Two Syrian girls, one of them an eight-month-old baby, are among up to six people who died when a boat carrying would-be migrants to Europe capsized off Libya Aug. 18, rescuers said.
Five bodies were recovered and one passenger was missing, presumed drowned, following the capsize on Aug. 18, AFP reported. Some of the 21 survivors told aid workers there had been 27 people from eight Syrian families on the boat.
The Phoenix, a rescue boat run by the Malta-based NGO Migrant Offshore Aid Station (MOAS) and the Italian Red Cross (CRI), recovered the corpses of two women, one man and the baby while the five-year-old’s body was picked up by a fishing boat, the organizations said.
Details of the tragedy emerged as the world’s attention has been re-focused on the crisis in Syria by this week’s poignant pictures of the bloodied, dust-covered face of four-year-old Omran following the bombing of his home in the war-torn city of Aleppo.
MOAS co-founder Regina Catrambone said the latest deaths were a tragic reminder that hundreds of migrant children continue to perish at sea a year after toddler Aylan Kurdi’s body was washed ashore on a Turkish beach last year.
“It is very sad and frustrating to witness the tragic loss of life at sea, especially that of such a young child,” she said.
“It is time for the international community to come to terms with this reality and to implement safe and legal solutions for the most vulnerable among us to avail themselves of the rights and protections they are entitled to.”
Children represent a growing proportion of the migrants trying to reach Europe by sea from Turkey and North Africa – 27 percent of all arrivals in the first six months of this year were minors, according to the U.N. refugee agency.
Italy’s coastguard said the five deaths occurred on a day when they supervised the rescue of 534 people in 11 different operations off Libya.
Meanwhile, around 50 migrants were rescued after their boat ran aground Aug. 19 off Greece’s southwest coast, police said, after an uptick in arrivals.
The group was found off the town of Methoni on the Peloponnese peninsula, stranded on a chain of rocky islets.

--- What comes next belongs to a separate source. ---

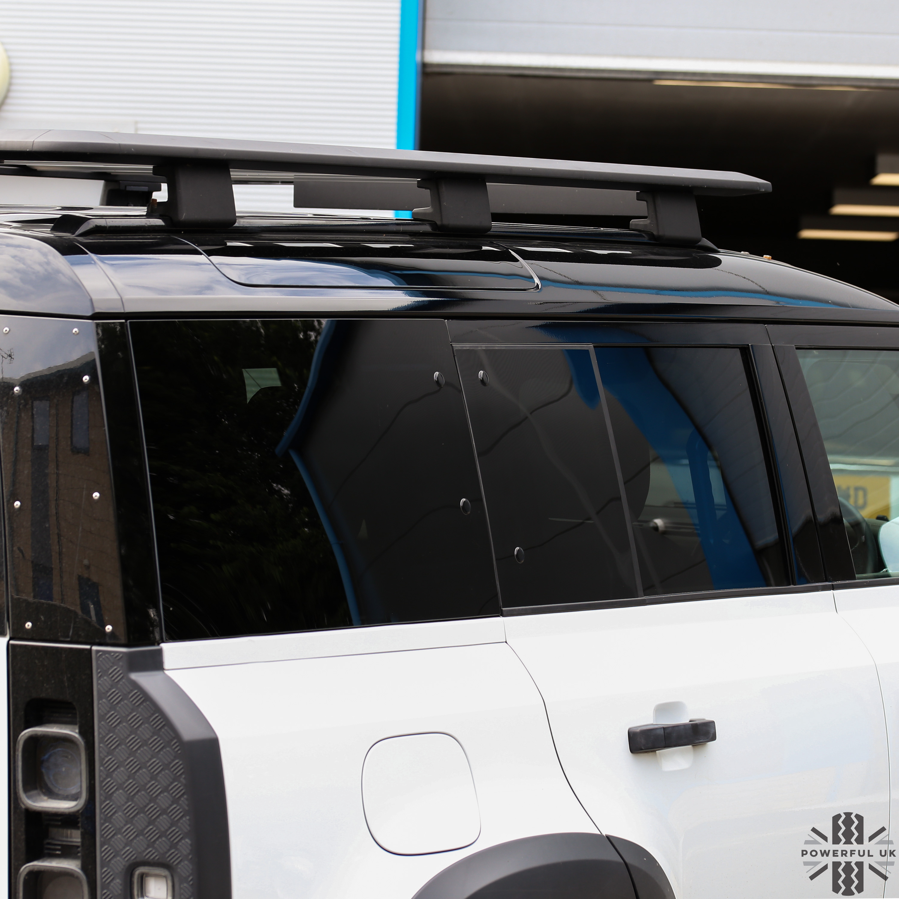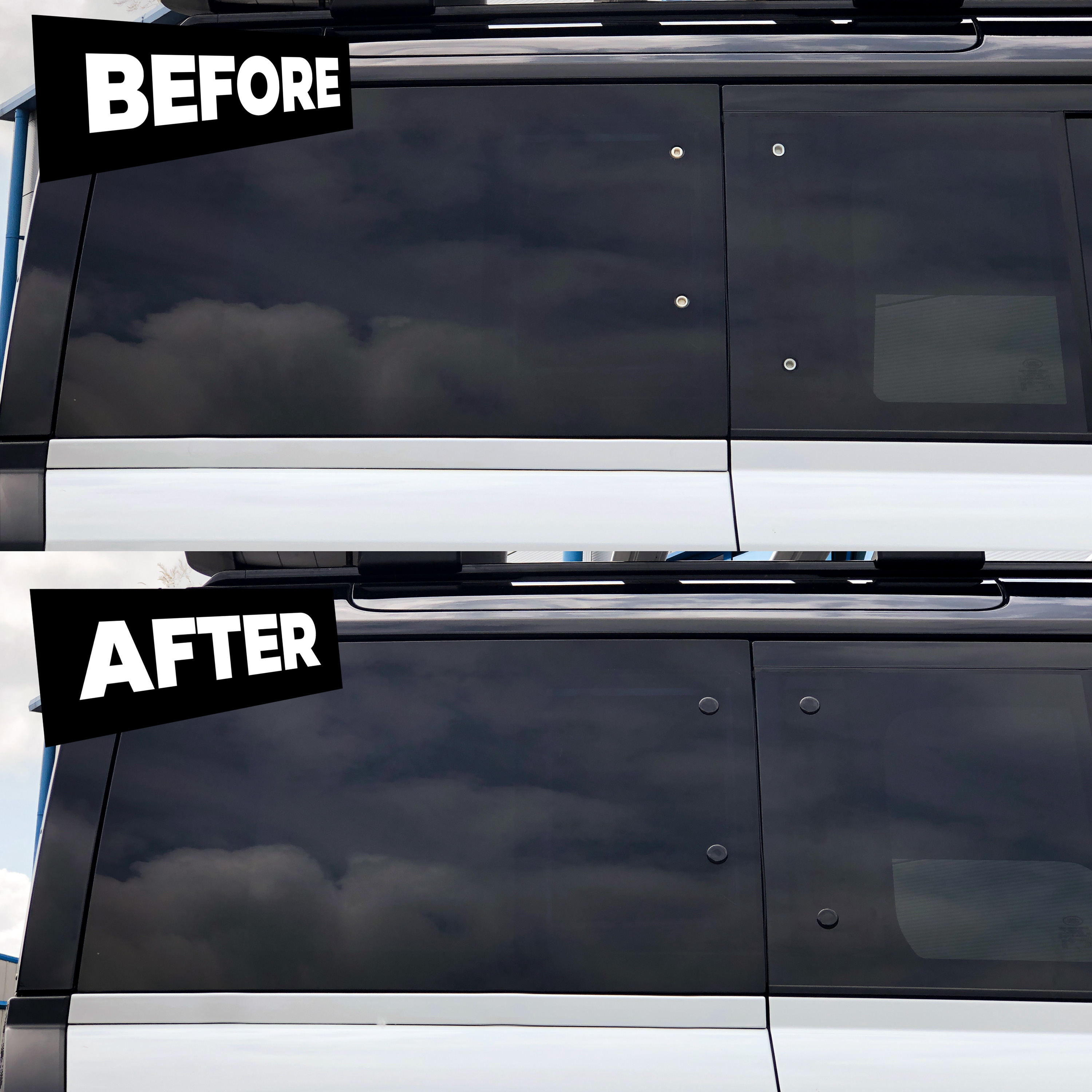 These stickers are sized to cover the fixing holes that are exposed if you remove the side panel on the Defender 110.

They have since been taken to Methoni to be processed and identified, according to harbor police.
Between the mornings of Aug. 18 and Aug. 19, 261 new arrivals were registered on the Aegean islands – mainly Lesbos – an increase on recent days, according to the SOMP agency which is coordinating Greece’s response to the migrant crisis.
The number of new arrivals is however considerably lower than the peak of last summer when an average of 100 migrants were arriving daily.